The third innovation is the phase-resolved use of in situ synchrotron diffraction. The studies identify transient halite, spinel, Mn3O4, MnO, BCC, FCC variants, TiHx, α-Ti(H), β-Ti(H), Ti2Ni, Ni3Ti, Ni4Ti3, and NiTi formation during reaction. This converts hydrogen reduction from a mass-loss experiment into a mechanistic, time-resolved transformation sequence.
The fourth innovation is functional microstructure generation. The route can produce not only bulk alloys, but also alloy–oxide composites, nanoporous metal/oxide structures, metallic nanoparticles on oxide supports, and intermetallic shape-memory phases. This widens the scope from decarbonized extraction to microstructure synthesis.
Perspective of Direct Alloy Synthesis from Oxides by Hydrogen Reduction
These works establish a scientific foundation for one-step metallurgy: direct conversion of designed oxide precursors into alloys by hydrogen.
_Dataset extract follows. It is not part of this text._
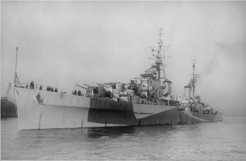 British light cruiser HMS DIADEM on the River Tyne.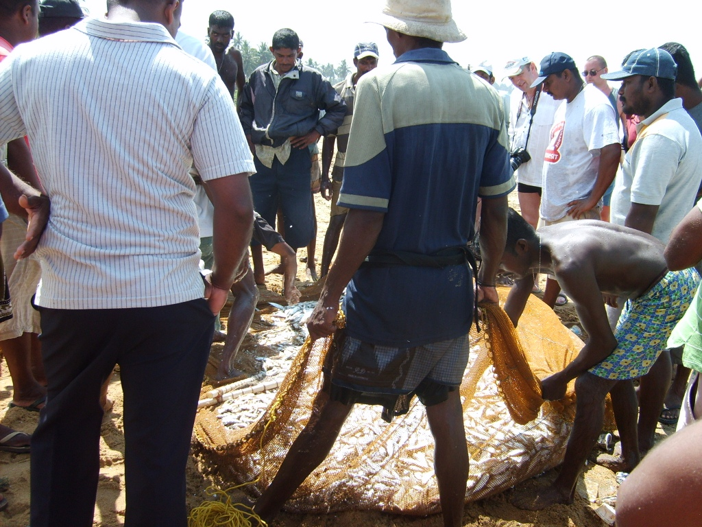 Fishermen and bystanders gather around a large fishing net (called a madela) just hauled in, at a beach in Kalutara, Sri Lanka.

The approach can reduce process complexity, avoid repeated heating and melting steps, and replace carbon-based reduction by water-forming redox chemistry. Its success will depend on controlling four coupled fields: oxygen chemical potential, hydrogen activity, diffusion length, and evolving porosity.
The remaining challenges are clear. Stable oxides such as MnO and Cr2O3 require either stronger thermodynamic sinks, higher temperature, longer holding, or optimized precursor geometry. Premature sintering can close gas pathways and arrest reduction. Residual oxygen can stabilize unwanted oxide or oxy-intermetallic phases. Retained hydrogen can suppress functional transformations, as shown for NiTi. Local chemical heterogeneity can produce metastable BCC/FCC partitioning and incomplete alloy homogenization.
The importance of the work is that these limitations are now mechanistically mapped. The studies provide quantitative design rules for future oxide-to-alloy synthesis: choose oxide mixtures by alloy activity, design precursor phases by thermodynamic stability, control porosity for gas transport, and use thermal profiles that synchronize reduction, interdiffusion, and sintering.
The broader message is simple and powerful: alloys need not be made only from purified metals in the liquid state. They can be grown directly from oxides, in the solid state, by using hydrogen as both reductant and process variable. This brings extractive metallurgy, physical metallurgy, and microstructure design into one common processing step.